NUI Galway walking trail highlights campus wildlife (not students)

NUI Galway walking trail highlights campus wildlife (not students)

To celebrate nature on campus, all the wildlife and green spaces you don’t expect to find in the heart of a city, NUI Galway is launching a Biodiversity walking trail.

Bordering on the banks of the river Corrib and the edge of the city, NUIG’s campus has far more room for nature to thrive than many other city universities (looking at you, Trinity).

The rich biodiversity to be found at on the university grounds was recently highlighted at the the Intervarsity BioBlitz competition, run by An Taisce and the National Biodiversity Data Centre.

Given our recent weather, now is the perfect time for people to come and find some of that themselves along the new walking trail that runs from the heart of the university Quadrangle, along the banks of the Corrib, and finishes looking across the river at the green-clad ruins of Menlo Castle.

Quick eyed birdwatchers might see the goldcrest, Ireland’s smallest bird, or if you go dip your toes in the river you’ll no doubt see a few white swans. The peregrine falcon, the world’s fastest animal when it dives, can also be found on the trail. Though if you do see one, and it’s getting larger and larger quite quickly, it might be time to move on.

The River Corrib and the wetlands around it are filled with fish, and mammals like otters, foxes, and pygmy shrews also make their homes on campus.

The walking trail is open to everyone, university students and members of the public just looking to enjoy what’ll probably turn out to be our next three summers’ worth of sun.

University gardeners are happy for visitors to pick from the many fruit trees and berry plants, as long as they treat them with respect. This isn’t Tesco people.

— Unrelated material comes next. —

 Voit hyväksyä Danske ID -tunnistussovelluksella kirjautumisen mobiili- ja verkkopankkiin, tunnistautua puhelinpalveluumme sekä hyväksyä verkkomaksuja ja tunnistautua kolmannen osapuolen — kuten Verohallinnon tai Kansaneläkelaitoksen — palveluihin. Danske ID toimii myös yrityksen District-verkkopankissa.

Habitats found on the walking trail

  • College Park in front of the Quadrangle – sycamore and horse chestnut trees, and pipistrelle bats at sunset in the summer.
  • Eglinton Canal running underneath the O’Shaughnessy Bridge that links to Fisheries Field – trout, kingfishers and otters.
  • Herb Garden outside Moffetts Restaurant at the Orbsen Building – bees and other pollinators visiting flowers in summer.
  • River Corrib along the campus river path – yellow iris and common spotted orchids in summer, mute swans and grey heron year round.
  • Engineering Lawn in front of the Alice Perry Engineering Building – blackbirds and goldfinches, and clover and buttercups in summer.
  • Deciduous Woodland along the river path between the Alice Perry Engineering Building and Corrib Village – woodmouse, pygmy shrew, bluebells and wild garlic in spring.
  • Alluvial Woodland along the river path past the Dangan Park and Ride facility – alder trees, ivy, fox and stoat and haws in autumn.
  • Reed beds between the river path and the river – common reed, meadowsweet, willow warbler and reed bunting.
  • Menlo Castle and Sports Campus on the opposite bank of the river from the sports pitches – barn owl, peregrine falcon and lesser horseshoe bat at dusk.
  • All of Ireland’s nine bat species have been recorded patrolling the night skies above the campus.

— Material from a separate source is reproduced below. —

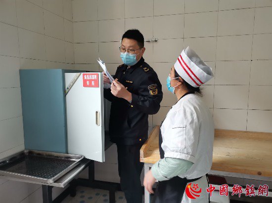 图为胡用军正在学校食堂开展食品安全检查(受访者供图)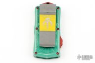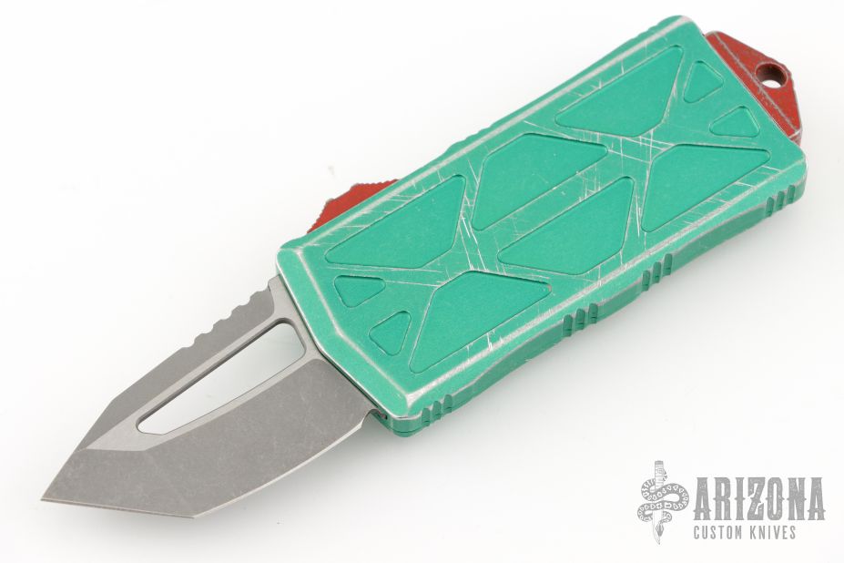 This Microtech Exocet features an apocalyptic finished tanto blade. The handle has a distressed green aluminum handle and a stainless clip that doubles as a money clip dated 01/2021, S/N 706. Comes with original box and papers. Excellent Condition.

A map of the trail marking the different habitats and what lives in them can be found on the university website, along with a podcast guide, for something to listen to as you walk.

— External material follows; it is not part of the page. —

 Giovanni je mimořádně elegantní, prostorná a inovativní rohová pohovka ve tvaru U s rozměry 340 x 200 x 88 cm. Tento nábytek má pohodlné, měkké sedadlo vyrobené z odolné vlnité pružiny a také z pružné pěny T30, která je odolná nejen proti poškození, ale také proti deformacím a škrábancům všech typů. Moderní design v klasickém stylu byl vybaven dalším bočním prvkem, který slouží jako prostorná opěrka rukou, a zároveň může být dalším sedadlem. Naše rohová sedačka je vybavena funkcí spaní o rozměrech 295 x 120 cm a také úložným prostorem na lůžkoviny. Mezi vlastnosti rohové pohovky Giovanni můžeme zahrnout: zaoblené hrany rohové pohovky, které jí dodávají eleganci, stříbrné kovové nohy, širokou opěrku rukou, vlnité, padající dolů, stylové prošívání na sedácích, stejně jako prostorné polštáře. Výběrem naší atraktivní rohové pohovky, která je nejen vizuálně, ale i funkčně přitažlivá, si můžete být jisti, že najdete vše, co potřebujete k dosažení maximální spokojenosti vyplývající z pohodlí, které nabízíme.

Funding for the trail was provided by the NUI Galway Community and University Sustainability Project, the Ryan Institute, and Galway City Council, as part of Galway City’s European Green Leaf 2017 designation.

The trail was produced by Jamie Maxwell, Dara Stanley and Caitriona Carlin, with input from many others around campus involved in biodiversity research and stewardship.